Brutal Texas Drought Even Worse

Drought Us Ag
A field dried out from the 2011 drought. Credit: USDA.

In 2011, Texas experienced one of its worst droughts ever. The dry, parched conditions caused over $7 billion in crop and livestock losses, sparked wildfires, pushed power grids to the limit, and reduced reservoirs to dangerously low levels.

And according to a recent study led by the Jackson School of Geosciences, the drought was worse than previously thought.

Figure Drought 2
Drought area and severity in Texas from 2010 to 2013 as determined by the U.S. drought monitor (bottom) and an updated model (top). Credit: Weijing Chen et al.

The study, published in the Journal of Hydrology, incorporated additional soil moisture-related data from gravity and microwave sensors on satellites into a land surface model used by scientists to determine the severity of droughts. According to the updated model simulation, severe drought was more widespread and longer lasting than judged by the U.S. Drought Monitor, which is the current standard for designating drought across the United States.

“The development of technology has allowed us to gain more real-time observation, and this observation can more accurately reflect the ground conditions,” said Weijing Chen, the study’s lead author and a postdoctoral researcher at the Jackson School.

Even though the 2011 drought is now a decade gone, the results are important because they show that incorporating new sources of data related to soil moisture into an existing land surface model can more accurately predict the severity and impact of droughts. Soil moisture is one of the most important factors when it comes to a drought’s impact on agricultural production.

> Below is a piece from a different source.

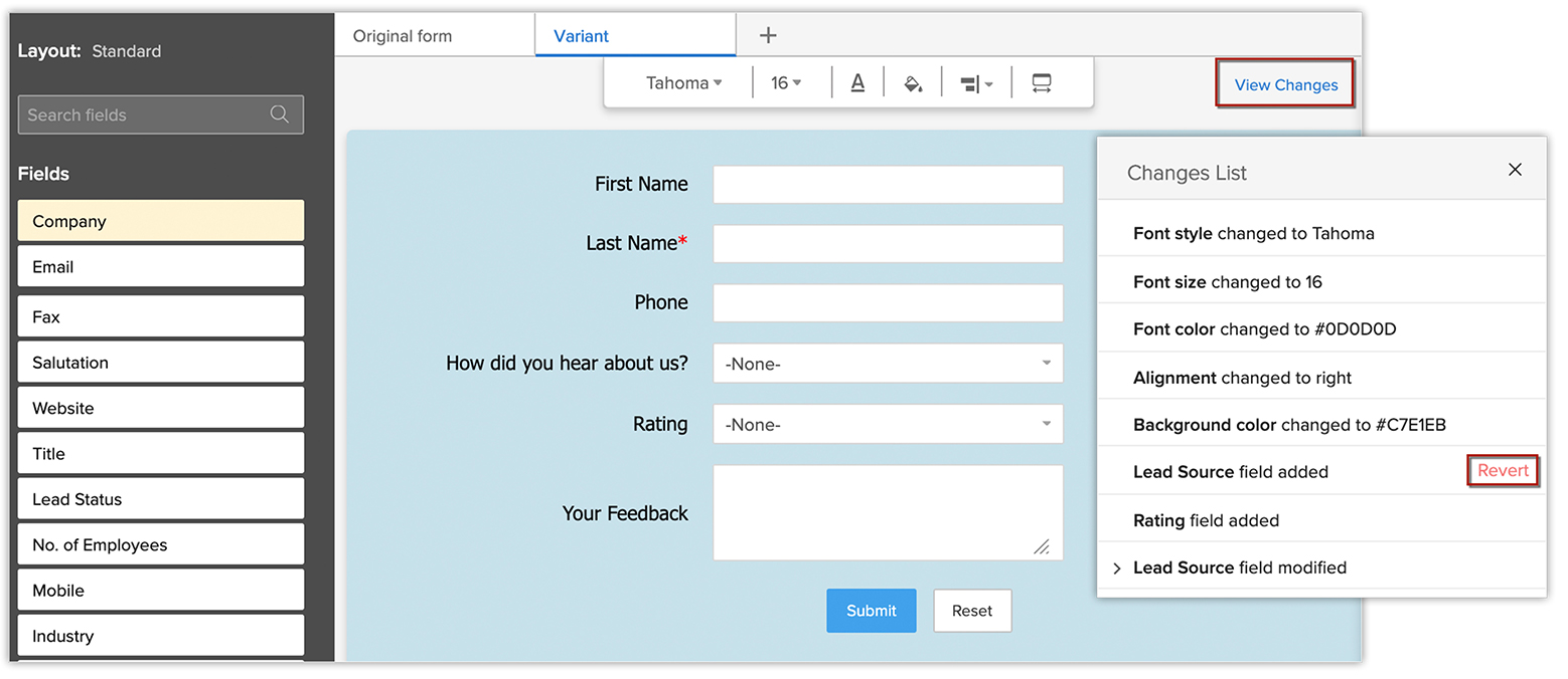 You can create different versions of the original webform by including more fields, modifying the field properties, changing the Call To Action buttons, changing fonts, revising the background color of the form and so on. All the changes that you make in the variant can be viewed from the Changes List. You can also revert the changes, if necessary.

The researchers said that developing methods for better understanding droughts is important to Texas as policymakers try to determine how the state’s water resources will be affected by climate change and population growth.

“Using measurements from space is a clever way to be able to more realistically detect and monitor droughts,” said co-author Zong-Liang Yang, a professor in the Department of Geological Sciences.